In Vivo Protein Transduction With SAH
The 11R-EGFP (250 μL, 15 μmol/L) or EGFP (250 μL, 15 μmol/L) was injected slowly (over 5 minutes) into the cisterna magna in rats immediately after the autologous blood injection (n=5, each). The rats were then euthanized using overdoses of anesthetic agents (pentobarbiturate) in 2, 6, 8, or 12 hours, and the animals were fixed by perfusion with 100 mL of saline. Finally, frozen sections of the BA were cut into 16-μm-thick and observed under a fluorescent microscope.
We examined the fluorescence intensity of 11R-EGFP or EGFP itself. The analysis was performed using Scion imaging software (Scion Corporation).
Data are shown as the mean (±standard deviation). Data were analyzed using 1-way or 2-way ANOVA followed by planned comparisons of multiple conditions. P<0.05 was considered to be significant.

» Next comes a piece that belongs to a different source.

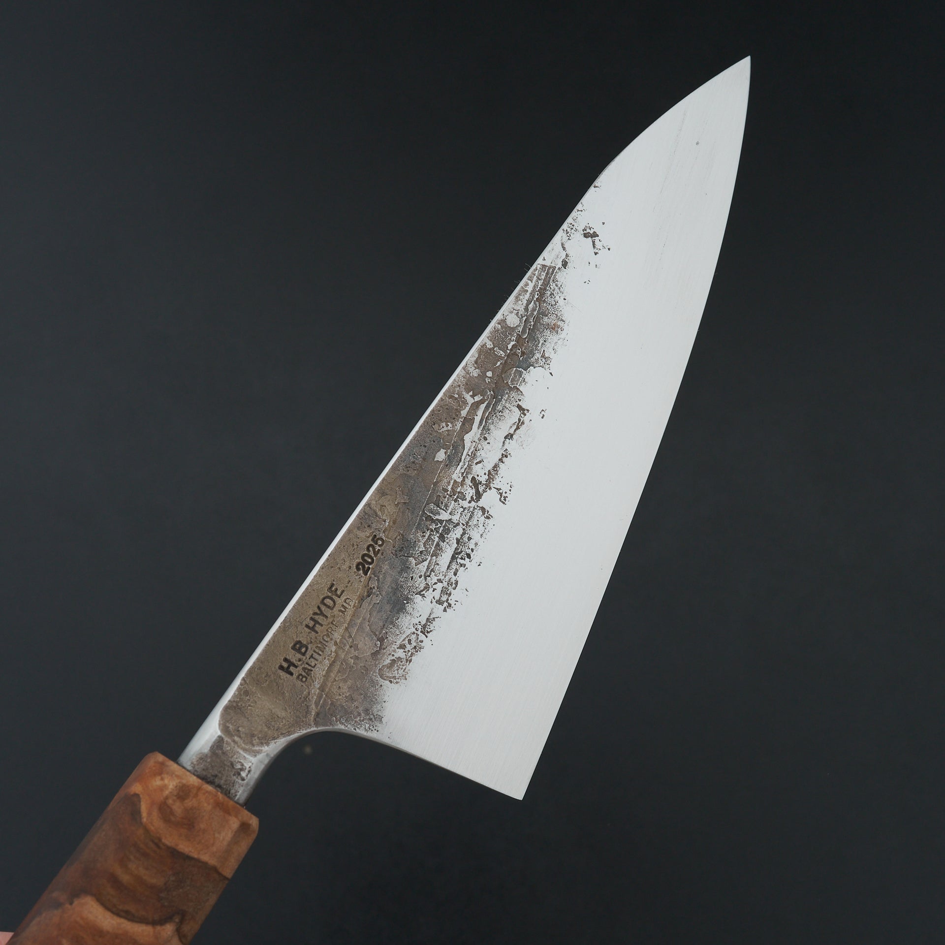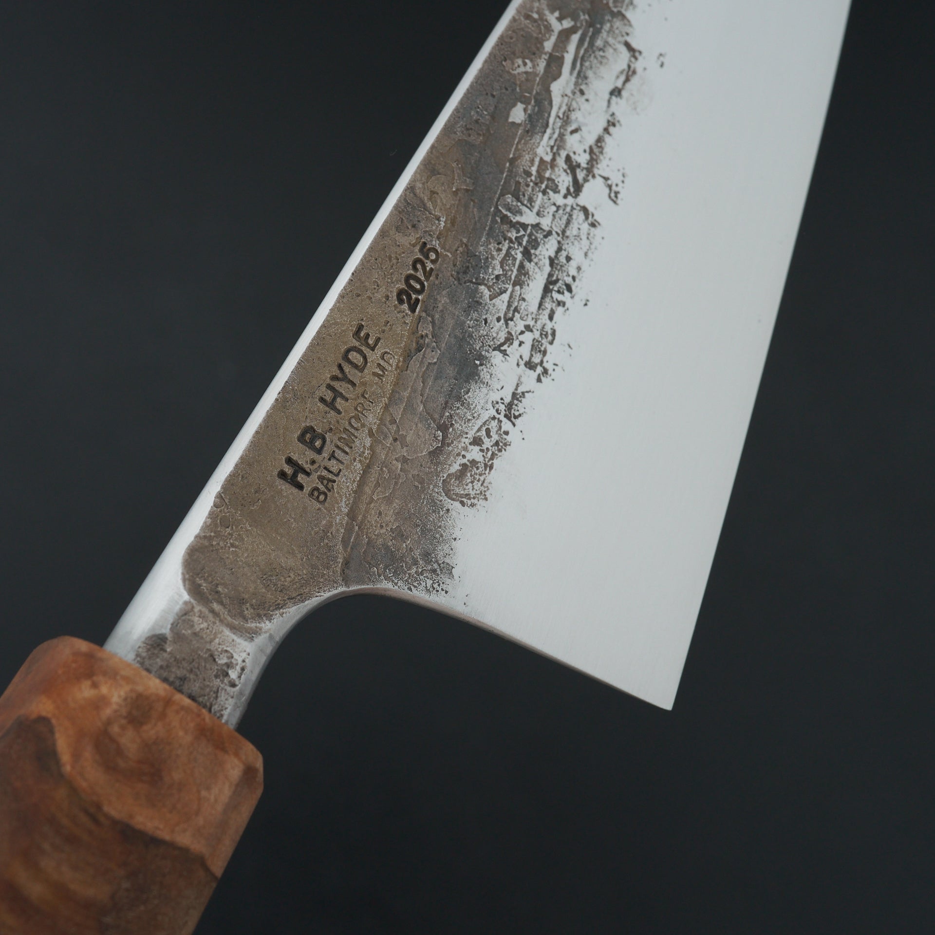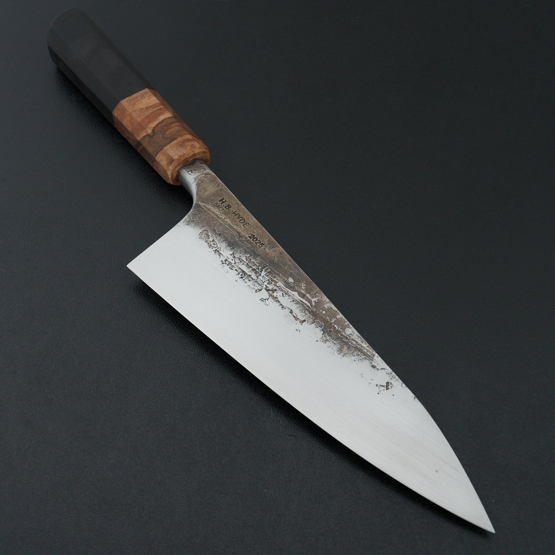 Hyde Handmade Knives are based out of Baltimore, MD by bladesmith Henry Hyde. This blade was hand forged from high carbon 125cr1 high carbon steel and left with some natural texture from forging. The octagonal handle is made from ebony wood with maple burl ferrule. The fit and finish is excellent with rounded spine and choil. This blade has a very tall heel height and a very nice feel in hand.

Transduction of 11R-EGFP Into the Cerebral Arteries Ex Vivo
Green fluorescence of 11R-EGFP was faint at 10 minutes but increased over time, achieving a steady-state level in 2 hours. The high expression persisted longer than 12 hours (Figure 1A and 1C). In the BAs incubated with each indicated concentration of 11R-EGFP, the intense green fluorescent signals increased depending on 11R-EGFP concentration (Figure 1B and 1D). EGFP lacking 11R was not observed in the BAs, whereas 11R-EGFP strongly transduced into all layers of the rat BAs.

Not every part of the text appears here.